You can set the following items in Mac:

PRAGMA fullfsync=ON

Setting fullfsync on Mac ensures that data is actually written to the disk through flush. However, fullfsync can cause disk control to be reset. This is not slow in the general sense, it can also cause other disk IO to slow down, so this configuration is not recommended.

9.3 partial deletion of files

SQLite assumes that it is an atomic operation from the perspective of the user process. When a power outage occurs during deletion, and when the power is restored, SQLite wants to see that the file either exists in its entirety or cannot be found at all. If the operating system cannot do this, the transaction may not be atomic.

9.4 garbage written to the file

The data file of SQLite is an ordinary disk file, which can be read and written by ordinary users. Some rogue processes may open a SQLite file and write some messy data in it. Confusing data may also be written to a SQLite data file because of the BUG of the operating system. There is nothing SQLite can do about these situations.

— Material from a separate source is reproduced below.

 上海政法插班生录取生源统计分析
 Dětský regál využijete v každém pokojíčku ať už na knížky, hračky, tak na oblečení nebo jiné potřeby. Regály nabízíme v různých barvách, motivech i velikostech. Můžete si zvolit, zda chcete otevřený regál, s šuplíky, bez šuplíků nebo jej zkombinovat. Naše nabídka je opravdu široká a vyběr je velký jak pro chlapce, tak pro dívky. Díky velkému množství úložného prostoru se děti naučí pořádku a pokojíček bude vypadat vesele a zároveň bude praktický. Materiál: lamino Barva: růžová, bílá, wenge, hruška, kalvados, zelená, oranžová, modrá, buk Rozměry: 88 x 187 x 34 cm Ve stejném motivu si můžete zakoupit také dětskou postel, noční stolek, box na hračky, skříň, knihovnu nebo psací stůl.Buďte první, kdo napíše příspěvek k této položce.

Delete or rename the "hot" log file

If a power outage or system crash results in leaving a "hot" log file on disk. In fact, the original data file, plus the remaining "hot" log file, is used by a rollback when SQLite is opened next time, which can restore the normal state of SQLite data (Section 4.2). SQLite looks for possible "hot" log files in the same directory as the database with the open file name. If the data files or log files are moved or renamed, or deleted, the log files will not be rolled back and the database may be corrupted and unusable.

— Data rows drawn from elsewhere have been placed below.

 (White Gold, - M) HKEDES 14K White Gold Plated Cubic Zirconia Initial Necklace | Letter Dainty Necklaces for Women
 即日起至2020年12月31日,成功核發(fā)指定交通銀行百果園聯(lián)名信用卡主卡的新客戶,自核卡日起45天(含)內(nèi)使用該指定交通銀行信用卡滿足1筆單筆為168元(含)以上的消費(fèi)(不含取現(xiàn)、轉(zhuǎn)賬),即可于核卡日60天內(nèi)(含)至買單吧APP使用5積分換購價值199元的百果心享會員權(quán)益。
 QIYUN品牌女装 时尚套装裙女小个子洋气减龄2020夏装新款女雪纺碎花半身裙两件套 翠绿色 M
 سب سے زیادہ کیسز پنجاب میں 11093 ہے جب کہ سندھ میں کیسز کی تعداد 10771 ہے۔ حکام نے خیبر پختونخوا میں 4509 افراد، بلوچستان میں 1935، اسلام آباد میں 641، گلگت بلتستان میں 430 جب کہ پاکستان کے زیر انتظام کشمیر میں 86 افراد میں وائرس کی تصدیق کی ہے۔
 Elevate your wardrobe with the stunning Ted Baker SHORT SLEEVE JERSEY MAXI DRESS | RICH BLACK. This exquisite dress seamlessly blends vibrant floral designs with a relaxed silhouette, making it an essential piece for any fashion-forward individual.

We often suspect that the example of recovery failure in SQLite is like this: there is a power outage, and then the power is restored. A well-intentioned user or system administrator begins to check for disk damage. They see a database file called "important.data", or something like that. But because of the power outage, there is also a log file called important.data-journal. The user deleted the "hot" log file and thought he was cleaning the system. In this case, there is no other way but to conduct user training.

If multiple joins (hard or symbolic joins) point to a data file, the log file is created with the name of the opened join file. If the database is reopened with a new join after the system crash, the "hot" log file will not be found and the data will not be rolled back.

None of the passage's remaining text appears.